OKS Zet Tychy mierzył się z znacznie wyżej notowaną Spartą Katowice. Tyszanie sprawili niespodziankę wygrywając 1:0 na terenie rywala.

Faworytem potyczki byli gospodarze, którzy na pewno liczyli na łatwą zdobycz punktową. Zespół Macieja Ludwiczaka jednak wysoko zawiesił poprzeczkę.

Sparta od początku gry miała przewagę i chętniej atakowała. Bardzo dobrze jednak dysponowana była obrona tyszan, która rozbijała ataki rywali. Kiedy katowiczanie już się przez nią przedarli to na wysokości zadania stawał Adrian Odyjewski.

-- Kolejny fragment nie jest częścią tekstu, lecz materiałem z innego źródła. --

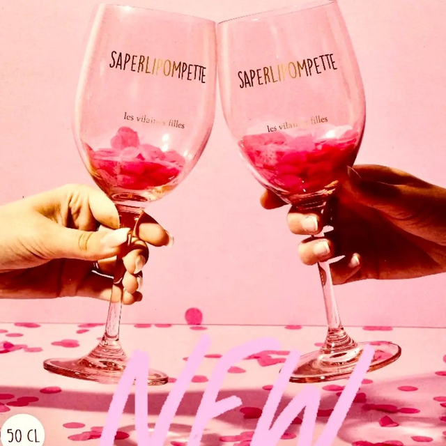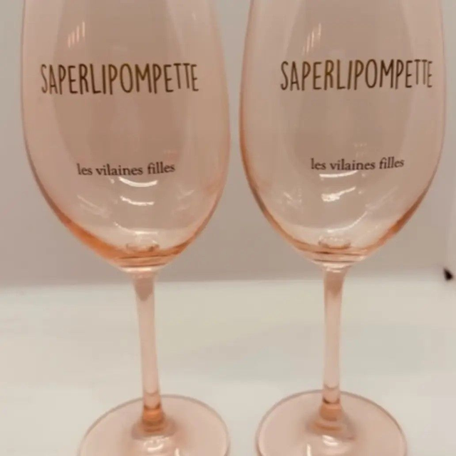 Coffret de 2 verres "saperlipompette" de couleur rose, vendus dans une jolie boite.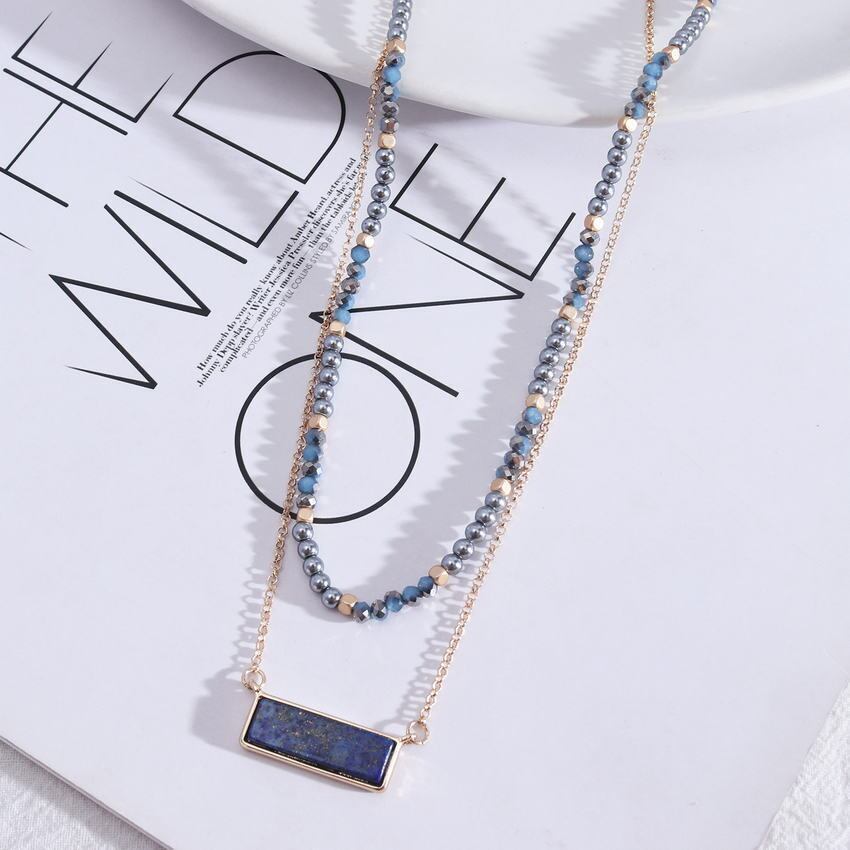送料無料 レイヤード ホライゾン ラピスラズリ ストーン バー ペンダント ネックレス 2021 ゴールドカラー キューブ ビーズ パール GL ビーズ チェーン ネックレス レッド レース 真珠 AE33211008037438361400

14379680_1218714854861059_470773047659958393_o

Goście ograniczali się do kontrataków, których jednak było sporo. Dopiero jednak w 85. min. jeden z nich przyniósł zamierzony efekt. Piłkę z rzutu rożnego dośrodkował Michał Słonina, a piłkę do bramki skierował Paweł Lisiński. Gospodarze w końcówce rzucili się do odrabiania straty, ale Odyjewski tego dnia nie dał się zaskoczyć.

Sparta Katowice – OKS Zet Tychy 0:1 (0:0). Bramka: Lisiński.